■ WHAT YOU SHOULD DO
Below are the records. Retype exactly the lines between the lines holding "Bishop William Morgan" and "Figure 1. Fisetin Chemical Structure", inclusive.

■ MATERIAL FOR THIS TASK

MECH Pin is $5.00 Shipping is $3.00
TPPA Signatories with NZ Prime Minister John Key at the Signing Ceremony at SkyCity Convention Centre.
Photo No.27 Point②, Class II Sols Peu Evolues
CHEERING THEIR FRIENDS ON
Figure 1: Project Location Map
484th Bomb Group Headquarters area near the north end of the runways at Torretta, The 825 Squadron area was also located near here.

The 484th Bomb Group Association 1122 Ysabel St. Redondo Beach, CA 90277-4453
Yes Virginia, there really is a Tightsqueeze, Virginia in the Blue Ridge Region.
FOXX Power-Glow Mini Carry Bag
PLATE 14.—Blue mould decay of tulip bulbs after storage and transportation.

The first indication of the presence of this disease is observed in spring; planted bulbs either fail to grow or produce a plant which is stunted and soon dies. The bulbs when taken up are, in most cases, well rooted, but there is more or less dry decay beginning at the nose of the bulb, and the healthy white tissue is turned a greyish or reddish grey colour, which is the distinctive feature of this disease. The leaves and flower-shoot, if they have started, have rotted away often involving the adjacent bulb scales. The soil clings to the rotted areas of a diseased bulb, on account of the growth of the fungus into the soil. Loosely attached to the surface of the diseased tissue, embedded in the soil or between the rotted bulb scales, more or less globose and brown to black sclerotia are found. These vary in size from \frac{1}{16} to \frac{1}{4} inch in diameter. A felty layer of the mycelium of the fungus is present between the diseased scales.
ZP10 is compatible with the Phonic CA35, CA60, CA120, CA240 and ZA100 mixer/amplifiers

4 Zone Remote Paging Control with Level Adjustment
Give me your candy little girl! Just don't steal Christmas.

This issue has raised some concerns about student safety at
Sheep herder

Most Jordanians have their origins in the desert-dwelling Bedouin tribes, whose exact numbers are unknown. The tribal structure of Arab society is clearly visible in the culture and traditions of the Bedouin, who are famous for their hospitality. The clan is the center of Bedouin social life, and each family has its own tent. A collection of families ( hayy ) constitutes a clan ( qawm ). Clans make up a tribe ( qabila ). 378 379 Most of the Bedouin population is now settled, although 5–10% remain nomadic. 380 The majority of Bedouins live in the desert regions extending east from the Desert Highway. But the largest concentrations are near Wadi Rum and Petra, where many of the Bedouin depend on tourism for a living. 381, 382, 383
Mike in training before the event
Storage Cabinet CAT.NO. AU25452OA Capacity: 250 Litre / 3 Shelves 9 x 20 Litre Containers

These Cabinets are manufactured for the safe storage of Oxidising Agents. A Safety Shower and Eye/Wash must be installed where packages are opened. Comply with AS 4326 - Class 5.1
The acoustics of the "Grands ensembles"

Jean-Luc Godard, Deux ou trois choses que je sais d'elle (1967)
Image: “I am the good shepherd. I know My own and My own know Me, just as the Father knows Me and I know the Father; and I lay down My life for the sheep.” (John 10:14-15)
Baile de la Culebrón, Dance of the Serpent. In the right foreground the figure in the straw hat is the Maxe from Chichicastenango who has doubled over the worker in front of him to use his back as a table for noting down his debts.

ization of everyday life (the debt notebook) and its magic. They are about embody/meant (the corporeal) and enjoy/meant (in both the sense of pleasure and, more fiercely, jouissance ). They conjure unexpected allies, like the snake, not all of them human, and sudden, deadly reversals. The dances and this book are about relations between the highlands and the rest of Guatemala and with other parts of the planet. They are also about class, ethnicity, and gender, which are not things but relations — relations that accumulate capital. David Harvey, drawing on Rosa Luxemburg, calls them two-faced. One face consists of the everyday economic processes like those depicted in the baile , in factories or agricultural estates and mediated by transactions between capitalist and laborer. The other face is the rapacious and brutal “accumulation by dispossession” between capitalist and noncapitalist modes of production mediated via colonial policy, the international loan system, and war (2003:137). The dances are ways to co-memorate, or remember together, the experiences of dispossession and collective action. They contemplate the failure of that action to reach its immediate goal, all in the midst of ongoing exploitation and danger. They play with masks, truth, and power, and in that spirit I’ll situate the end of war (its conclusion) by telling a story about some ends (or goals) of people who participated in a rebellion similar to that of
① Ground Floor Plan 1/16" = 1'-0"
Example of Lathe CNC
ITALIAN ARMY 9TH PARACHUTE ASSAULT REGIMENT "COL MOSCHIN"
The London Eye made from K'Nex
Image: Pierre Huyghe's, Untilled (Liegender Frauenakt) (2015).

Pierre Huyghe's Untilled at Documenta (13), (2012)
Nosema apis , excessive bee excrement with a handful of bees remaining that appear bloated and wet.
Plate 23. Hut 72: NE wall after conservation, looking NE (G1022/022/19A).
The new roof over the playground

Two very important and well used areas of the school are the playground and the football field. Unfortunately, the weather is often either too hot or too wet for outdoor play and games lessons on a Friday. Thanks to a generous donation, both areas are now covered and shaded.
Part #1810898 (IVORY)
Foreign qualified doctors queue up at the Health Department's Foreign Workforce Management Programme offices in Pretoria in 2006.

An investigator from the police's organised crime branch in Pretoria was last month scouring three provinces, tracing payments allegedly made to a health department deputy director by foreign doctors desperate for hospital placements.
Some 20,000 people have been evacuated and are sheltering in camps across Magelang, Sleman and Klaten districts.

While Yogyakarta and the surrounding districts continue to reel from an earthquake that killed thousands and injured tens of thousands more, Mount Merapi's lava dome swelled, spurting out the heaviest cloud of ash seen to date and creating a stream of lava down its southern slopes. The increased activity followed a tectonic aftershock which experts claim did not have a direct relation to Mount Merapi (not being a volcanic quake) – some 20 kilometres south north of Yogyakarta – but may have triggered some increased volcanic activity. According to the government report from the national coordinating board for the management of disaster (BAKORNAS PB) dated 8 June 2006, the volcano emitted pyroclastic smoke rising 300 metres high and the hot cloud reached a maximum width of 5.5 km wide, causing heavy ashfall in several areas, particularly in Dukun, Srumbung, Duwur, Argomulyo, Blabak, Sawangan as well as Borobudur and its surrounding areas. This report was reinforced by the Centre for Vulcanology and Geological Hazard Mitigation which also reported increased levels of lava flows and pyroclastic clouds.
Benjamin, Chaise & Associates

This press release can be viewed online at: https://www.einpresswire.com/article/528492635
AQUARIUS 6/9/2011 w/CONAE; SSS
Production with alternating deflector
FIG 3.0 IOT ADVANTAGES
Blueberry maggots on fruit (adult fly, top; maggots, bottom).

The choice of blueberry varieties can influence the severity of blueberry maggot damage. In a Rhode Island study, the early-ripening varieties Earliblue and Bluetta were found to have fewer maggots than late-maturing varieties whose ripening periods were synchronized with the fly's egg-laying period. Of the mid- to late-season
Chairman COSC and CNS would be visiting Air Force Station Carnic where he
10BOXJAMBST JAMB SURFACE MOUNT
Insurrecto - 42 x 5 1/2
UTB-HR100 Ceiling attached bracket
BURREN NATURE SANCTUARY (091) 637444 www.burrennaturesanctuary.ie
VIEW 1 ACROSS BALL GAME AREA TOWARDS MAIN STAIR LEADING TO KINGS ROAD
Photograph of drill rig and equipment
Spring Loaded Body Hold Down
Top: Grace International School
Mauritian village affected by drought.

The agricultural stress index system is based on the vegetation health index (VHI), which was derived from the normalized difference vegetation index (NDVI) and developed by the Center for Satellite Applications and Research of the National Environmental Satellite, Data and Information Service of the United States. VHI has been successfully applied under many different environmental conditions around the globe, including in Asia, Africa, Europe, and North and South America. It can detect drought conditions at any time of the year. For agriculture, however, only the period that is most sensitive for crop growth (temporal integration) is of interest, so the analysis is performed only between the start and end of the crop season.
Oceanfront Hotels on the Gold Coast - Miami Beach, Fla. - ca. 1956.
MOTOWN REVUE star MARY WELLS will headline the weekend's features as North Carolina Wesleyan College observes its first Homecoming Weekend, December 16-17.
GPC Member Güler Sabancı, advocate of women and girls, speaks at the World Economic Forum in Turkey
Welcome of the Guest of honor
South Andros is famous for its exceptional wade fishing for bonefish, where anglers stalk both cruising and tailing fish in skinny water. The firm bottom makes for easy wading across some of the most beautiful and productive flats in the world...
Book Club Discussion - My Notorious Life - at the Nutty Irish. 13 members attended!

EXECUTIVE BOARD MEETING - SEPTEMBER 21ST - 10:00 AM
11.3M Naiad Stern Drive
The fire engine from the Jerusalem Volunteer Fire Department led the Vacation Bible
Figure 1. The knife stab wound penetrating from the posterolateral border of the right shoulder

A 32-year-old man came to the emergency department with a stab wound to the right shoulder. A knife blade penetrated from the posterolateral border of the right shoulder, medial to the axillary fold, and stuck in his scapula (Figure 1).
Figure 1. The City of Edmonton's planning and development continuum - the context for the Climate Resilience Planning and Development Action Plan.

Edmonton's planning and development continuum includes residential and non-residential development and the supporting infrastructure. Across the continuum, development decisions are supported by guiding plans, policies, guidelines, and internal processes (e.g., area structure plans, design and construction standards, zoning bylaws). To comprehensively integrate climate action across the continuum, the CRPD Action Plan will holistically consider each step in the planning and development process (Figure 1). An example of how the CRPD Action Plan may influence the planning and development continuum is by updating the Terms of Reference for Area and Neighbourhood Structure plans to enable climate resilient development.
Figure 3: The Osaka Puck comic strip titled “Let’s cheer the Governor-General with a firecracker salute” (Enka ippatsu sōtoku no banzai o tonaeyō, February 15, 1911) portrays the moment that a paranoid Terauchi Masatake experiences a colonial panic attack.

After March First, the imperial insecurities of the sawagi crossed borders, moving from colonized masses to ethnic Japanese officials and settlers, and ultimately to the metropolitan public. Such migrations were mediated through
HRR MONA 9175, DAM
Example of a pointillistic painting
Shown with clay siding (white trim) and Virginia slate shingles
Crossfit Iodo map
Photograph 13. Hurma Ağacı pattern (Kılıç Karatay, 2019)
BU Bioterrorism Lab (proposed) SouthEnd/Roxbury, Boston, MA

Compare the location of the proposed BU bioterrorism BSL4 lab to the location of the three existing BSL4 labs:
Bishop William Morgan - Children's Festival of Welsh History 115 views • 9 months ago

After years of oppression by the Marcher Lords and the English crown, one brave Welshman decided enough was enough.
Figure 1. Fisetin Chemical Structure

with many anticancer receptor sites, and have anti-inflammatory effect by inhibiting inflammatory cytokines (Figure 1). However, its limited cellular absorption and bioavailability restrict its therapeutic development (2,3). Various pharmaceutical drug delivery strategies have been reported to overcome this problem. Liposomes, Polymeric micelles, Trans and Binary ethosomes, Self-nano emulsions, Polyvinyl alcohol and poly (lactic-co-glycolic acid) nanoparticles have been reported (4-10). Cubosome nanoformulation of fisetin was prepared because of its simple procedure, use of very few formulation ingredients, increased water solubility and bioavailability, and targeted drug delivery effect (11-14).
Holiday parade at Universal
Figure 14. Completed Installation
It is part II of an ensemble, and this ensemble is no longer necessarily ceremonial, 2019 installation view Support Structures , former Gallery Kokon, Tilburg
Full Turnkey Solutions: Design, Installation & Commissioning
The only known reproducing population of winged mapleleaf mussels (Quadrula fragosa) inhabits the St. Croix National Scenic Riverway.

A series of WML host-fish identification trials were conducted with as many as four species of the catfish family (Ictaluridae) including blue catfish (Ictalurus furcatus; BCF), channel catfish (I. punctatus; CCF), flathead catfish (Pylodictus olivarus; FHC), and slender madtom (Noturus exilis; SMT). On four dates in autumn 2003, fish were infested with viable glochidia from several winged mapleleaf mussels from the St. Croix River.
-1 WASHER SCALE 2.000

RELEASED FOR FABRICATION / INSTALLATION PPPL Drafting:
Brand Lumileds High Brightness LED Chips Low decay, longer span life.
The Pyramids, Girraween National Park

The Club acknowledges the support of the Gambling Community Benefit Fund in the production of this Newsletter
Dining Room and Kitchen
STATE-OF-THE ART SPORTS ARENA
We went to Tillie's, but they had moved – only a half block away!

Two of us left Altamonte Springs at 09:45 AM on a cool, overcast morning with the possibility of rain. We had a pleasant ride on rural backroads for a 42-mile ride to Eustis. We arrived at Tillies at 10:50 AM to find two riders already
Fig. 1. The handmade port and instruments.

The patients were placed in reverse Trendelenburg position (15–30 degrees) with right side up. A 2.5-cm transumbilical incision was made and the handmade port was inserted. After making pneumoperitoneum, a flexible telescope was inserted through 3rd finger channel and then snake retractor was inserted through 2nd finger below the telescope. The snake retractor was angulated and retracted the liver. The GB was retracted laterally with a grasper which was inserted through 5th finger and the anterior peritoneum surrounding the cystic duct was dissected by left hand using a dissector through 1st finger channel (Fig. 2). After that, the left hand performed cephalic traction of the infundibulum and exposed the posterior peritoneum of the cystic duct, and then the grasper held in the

■ SOLUTION BELOW
Bishop William Morgan - Children's Festival of Welsh History 115 views • 9 months ago

After years of oppression by the Marcher Lords and the English crown, one brave Welshman decided enough was enough.
Figure 1. Fisetin Chemical Structure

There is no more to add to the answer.